Points and Vectors

The single most important distinction in game math hides behind two things that look identical on screen: both are just a list of numbers like (3, 1, 4). Yet one is a point — a location, "the chest is here" — and the other is a vector — a displacement, "two metres east and one up". A vector has a direction and a length but no home; you can slide it anywhere. A point has a home but no direction.

Confuse them and the bugs are baroque: a "velocity" that drifts when you move the world's origin, an enemy that teleports when you reparent it. Keep them straight and the algebra itself tells you what is legal.

The four operations — and the one that is forbidden

Write points as P, Q and vectors as \vec{v}, \vec{w}. There are exactly four combinations that make sense, and one that does not. We build them up one line at a time.

Step 1 — point minus point is a vector. Subtract two locations and the "where" cancels; what survives is the trip from one to the other — its direction and length. This is the workhorse: the displacement from Q to P.

P - Q \;=\; \vec{v} \qquad (\text{a vector: the displacement from } Q \text{ to } P).

Step 2 — point plus vector is a point. Start at a location and apply a displacement: you land at a new location. This is how everything moves — the player each frame is P_{\text{new}} = P_{\text{old}} + \vec{v}\,\Delta t.

P + \vec{v} \;=\; P' \qquad (\text{a point: } P \text{ moved by } \vec{v}).

Step 3 — vector plus vector is a vector. Two displacements done in sequence are one combined displacement — "east two, then up one" is a single arrow.

\vec{v} + \vec{w} \;=\; \vec{u} \qquad (\text{a vector}).

Step 4 — point plus point is meaningless. Add two locations and ask what you get. "The chest plus the door" is nonsense, and worse, the answer changes if you move the origin — so it cannot describe anything physical. The operation is simply not defined.

P + Q \;=\; \text{??} \qquad (\text{undefined — locations don't add}).

(The honourable exception is an average: the midpoint \tfrac12 P + \tfrac12 Q is fine, because the weights sum to 1. A general sum of points with weights summing to 1 is an affine combination, the only blessed way to "add" points.)

How the maths enforces the rules: w = 1 vs w = 0

You could police all this by hand — or you could let the numbers do it for you. In homogeneous coordinates every quantity carries one extra bookkeeping component, w: a point gets w = 1, a vector gets w = 0.

P = (P_x, P_y, P_z, \mathbf{1}), \qquad \vec{v} = (v_x, v_y, v_z, \mathbf{0}).

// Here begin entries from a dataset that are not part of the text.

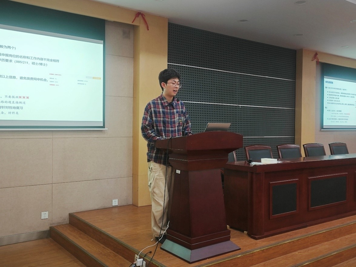 为精准赋能公司研究生就业工作,化山论见·职引未来就业指导系列活动顺利开展。5月12日下午,化山论见之“职等你来”就业指导讲座在化工楼B329报告厅成功举办。活动由PA视讯官方网站研究生会主办,特邀PA视讯官方网站就业指导中心宋肖飞老师作就业指导专场讲座,并邀请2025届研究生就业代表杨铖霖、王新新开展求职经验分享,活动吸引近200名研究生积极参与,现场座无虚席。
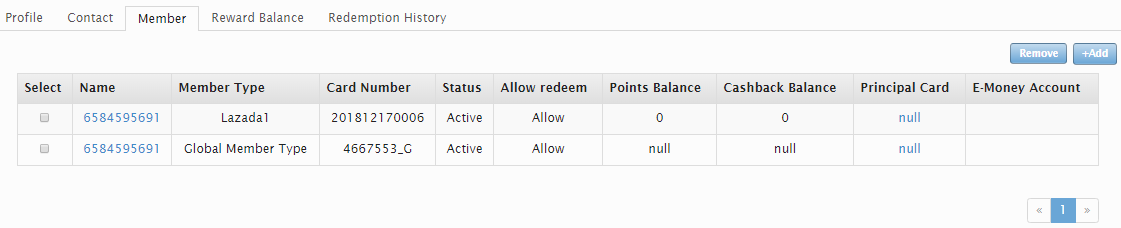 At the Member Tab, users can view all the cards and its member details under this Master Account. The users can also add or Remove cards under this page. To view the Member details of each card, click on the Name of the Member and it will redirect to Individual Member page.
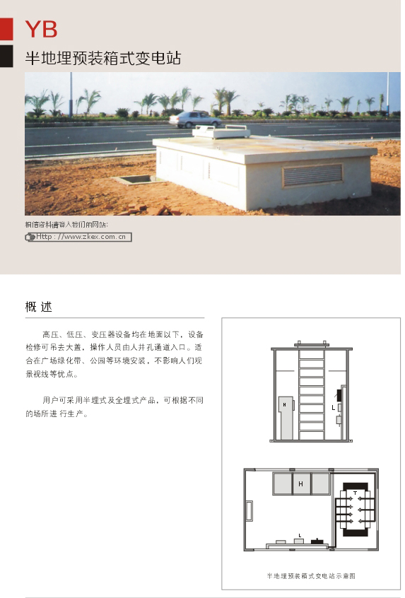 高壓、低壓、變壓器設(shè)備均在地面以下,設(shè)備檢修可吊去大蓋,操作人員由人井孔通道入口。適合在廣場綠化帶、公園等環(huán)境安裝,不影響人們觀景視線等優(yōu)點(diǎn)。用戶可采用半埋式及全埋式產(chǎn)品,可根據(jù)不同的場所進(jìn)行生產(chǎn)。
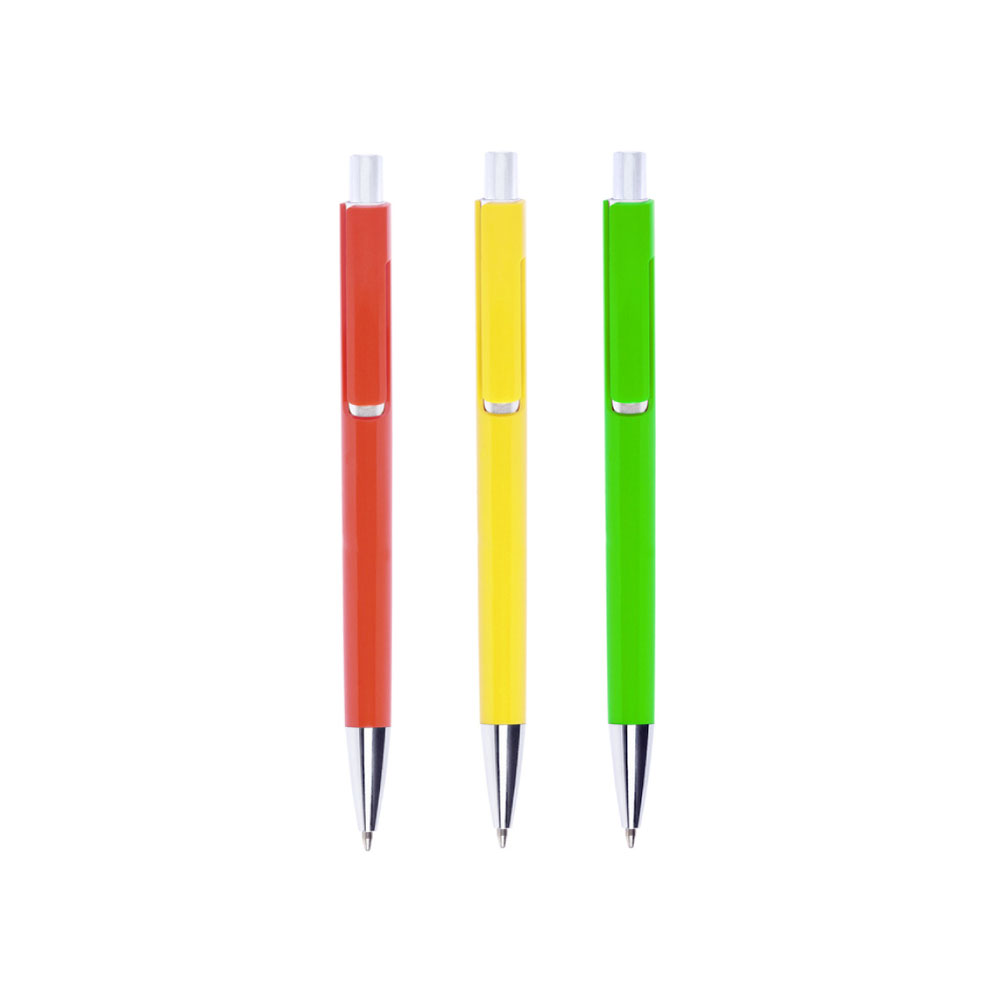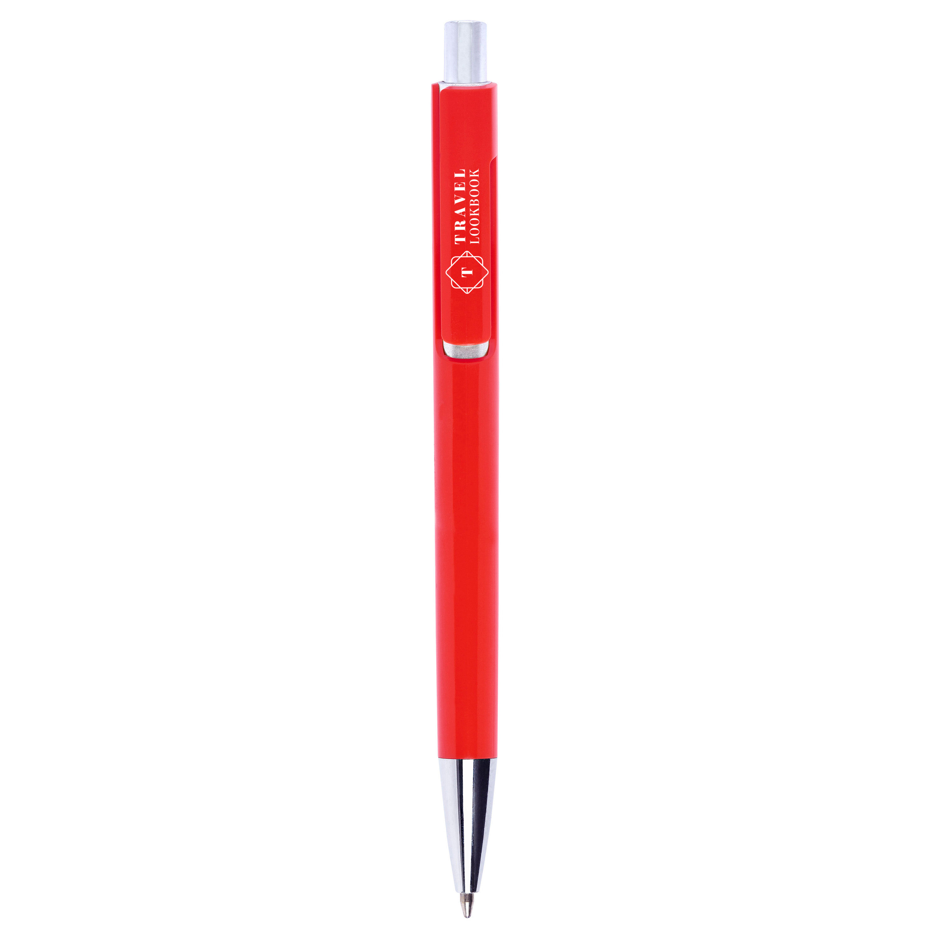 Plástico. Bolígrafo con cuerpo de color. Clip innovador. Puntera y pulsador con detalles color plata.

Step 5 — watch the w-component do the policing. Add or subtract component-wise and just read the last slot:

\underbrace{1}_{P} - \underbrace{1}_{Q} = \underbrace{0}_{\vec{v}}, \qquad \underbrace{1}_{P} + \underbrace{0}_{\vec{v}} = \underbrace{1}_{P'}, \qquad \underbrace{0}_{\vec{v}} + \underbrace{0}_{\vec{w}} = \underbrace{0}_{\vec{u}}.

Point minus point lands on w = 0 — a vector. Point plus vector lands on w = 1 — a point. Vector plus vector stays at w = 0. And the forbidden one outs itself: point plus point gives w = 1 + 1 = 2, which is neither a point nor a vector, a loud signal that you did something undefined. The same w also makes a translation matrix ignore vectors (you don't move a direction) while still moving points.

A point is a location; a vector is a displacement (a direction together with a length). With points P, Q and vectors \vec{v}, \vec{w}:

Point − point = vector — P - Q = \vec{v}, the displacement from Q to P.
Point + vector = point — P + \vec{v} = P', the point moved by \vec{v}.
Vector + vector = vector — \vec{v} + \vec{w} = \vec{u}, displacements compose.
Point + point is undefined — locations don't add (only affine combinations, weights summing to 1, are allowed).
The bookkeeping — points carry w = 1, vectors carry w = 0, so the arithmetic of the w-slot enforces every rule above.

The distinction is not pedantry — it is how you store a game world. A character's position is a point (where it stands). Its velocity is a vector (how fast and which way it heads), and the update is the canonical point-plus-vector,

P_{t+\Delta t} = P_t + \vec{v}\,\Delta t.

When the AI asks "which way is the enemy?", it never adds the two positions — it subtracts them, point minus point, to get the displacement \vec{d} = P_{\text{enemy}} - P_{\text{self}}: a vector pointing straight at the target, whose length is the distance. Normalise it and you have a heading; measure it and you have a range. Every "look at", "chase", and "shoot toward" in the engine is one point subtraction.